# Angeln am ebro



## powercat (7. August 2013)

Moin zusammen
Bin ab nächste Woche in Spanien in l'hospitalet de l'infant. Is nähe Barcelona! Hab mal gegoogelt wie weit weg vom ebro! Nich wirklich weit! Hat einer ne Idee, wo ich da wie am besten mal so ne 2 tagestour hinmachen kann? Is zwar alles nen bischen kurzfristig, aber evt kann jemand helfen!! Evtl sogar ne Kontaktadresse wg Lizenzen, Bestimmungen und angelplätzen!
Gruß aus Solingen
Udo


----------



## nostradamus (8. August 2013)

*AW: Angeln am ebro*

hi,

oli von urlaub nach mass!

gruß

nosta


----------



## Chips (9. August 2013)

*AW: Angeln am ebro*

Hallo,

egal ob du Meeresangeln oder Flussfischen machen willst,
Erfahrung, Kompetenz und vernünftige Preise bei Heinz Müller unter www.ebrodelta.de

Chips


----------



## t-chris (14. Januar 2014)

*AW: Angeln am ebro*

Hallo Powercat,
hast Du damals Erfolg in Spanien gehabt ???
Ich bin im Sommer auch in Hospitalet de LInfant und hätte Lust am Ebro zu angeln.
Werde dazu aber höchstens einen Tag Zeit haben und am Liebsten wäre mir gar nicht bis zu den Stauseen hoch zu müssen.
Der Ebro ist ja vom Urlaubsort fast um die Ecke, aber wie sieht es da mit angeln aus ??
Würde mich freuen wenn Du Deine Erfahrungen schreiben könntest.
t_chris


----------



## powercat (3. Juni 2014)

*AW: Angeln am ebro*

hallo t_chris
war leider lange nicht mehr online hier im board.
man kann da dierekt am strand auf kleine barsche angeln. es ist jeden tag ab 20 uhr (bis 6 uhr morgens) erlaubt. du musst dir nur in einer der angelläden eine genehmigung kaufen. diese erlaubt es dir, mit 2 ruten mit jeweils maximal 2 anbissstellen zu angeln. in den angelläden bekommst du passende paternoster und einheimische "mini seeringelwürmer". funktioniert ganz gut. brandungsrute, dickes krallenblei und soweit wie du kannst ins meer. ist eben brandungsangeln bei 30 grad#6 

gruß
udo


----------



## DUSpinner (8. Juni 2014)

*AW: Angeln am ebro*

Hallo t-chris,

sowohl fürs Meer als auch für den Ebro benötigt man eine Lizenz, die du in Angelgeschäften oder im Rathaus jeder Gemeinde bekommst.

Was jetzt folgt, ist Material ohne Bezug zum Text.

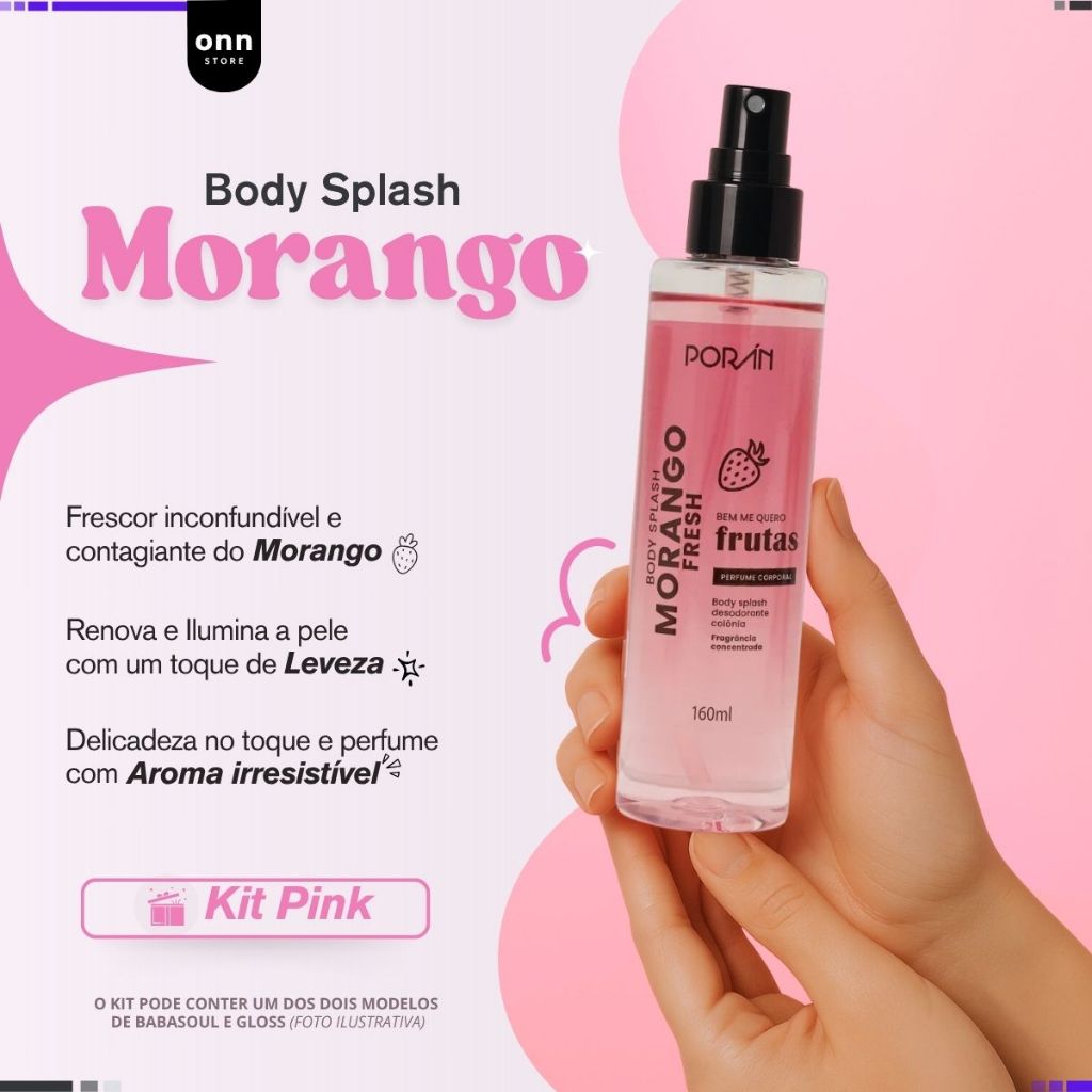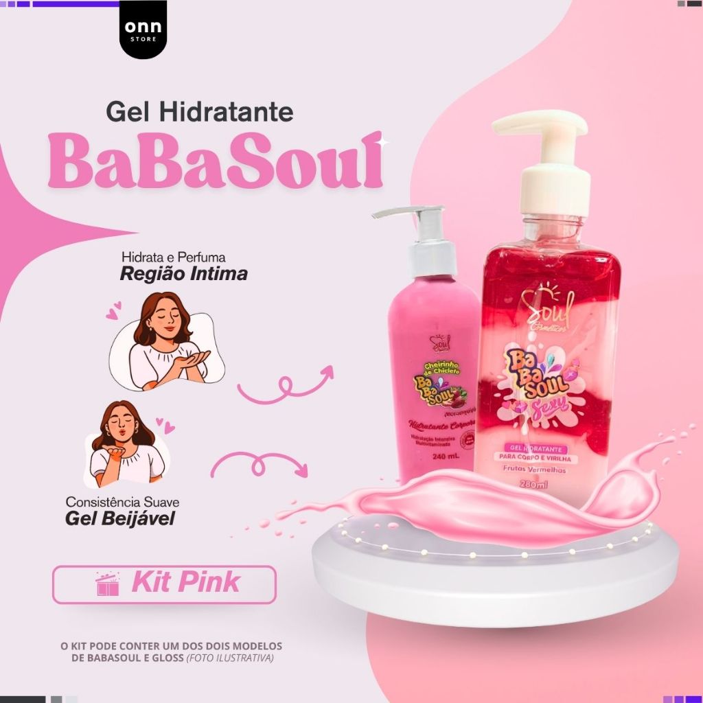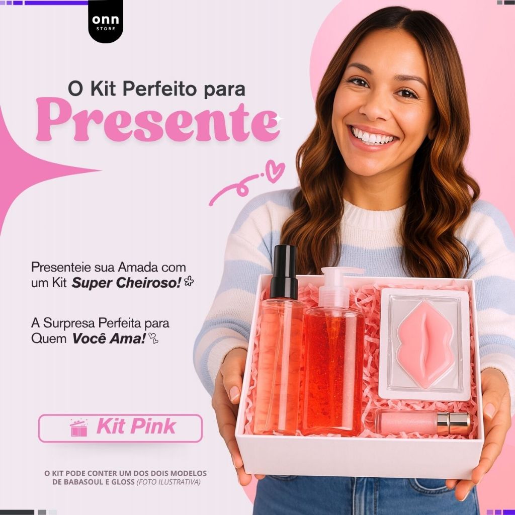 Kit Presente Dia dos Namorados Maquiagem Meikê - Beleza Feminina – Gel Hidratante Babasoul, Body Splash Porán,Gloss

Am Meer kann man in Riumar (ca. 40 Km von Hostipalet) auf Bluefish und Palometa angeln. Tackle: Brandungsrute, 120 gr. Blei, Stahlvorfach und Köfi. 
Am Ebro ist Xerta für dich die nächst beste Location. Karpfen, Karauschen, Schwarzbarsche, Aal und Waller sind dort zu fangen. Amposta und Mora wären auch noch gut. 
LG


----------



## powercat (25. Juni 2014)

*AW: Angeln am ebro*

soooo... nächste woche gehts los :vik:

bin mal gespannt, bin ja dieses jahr vorbereitet.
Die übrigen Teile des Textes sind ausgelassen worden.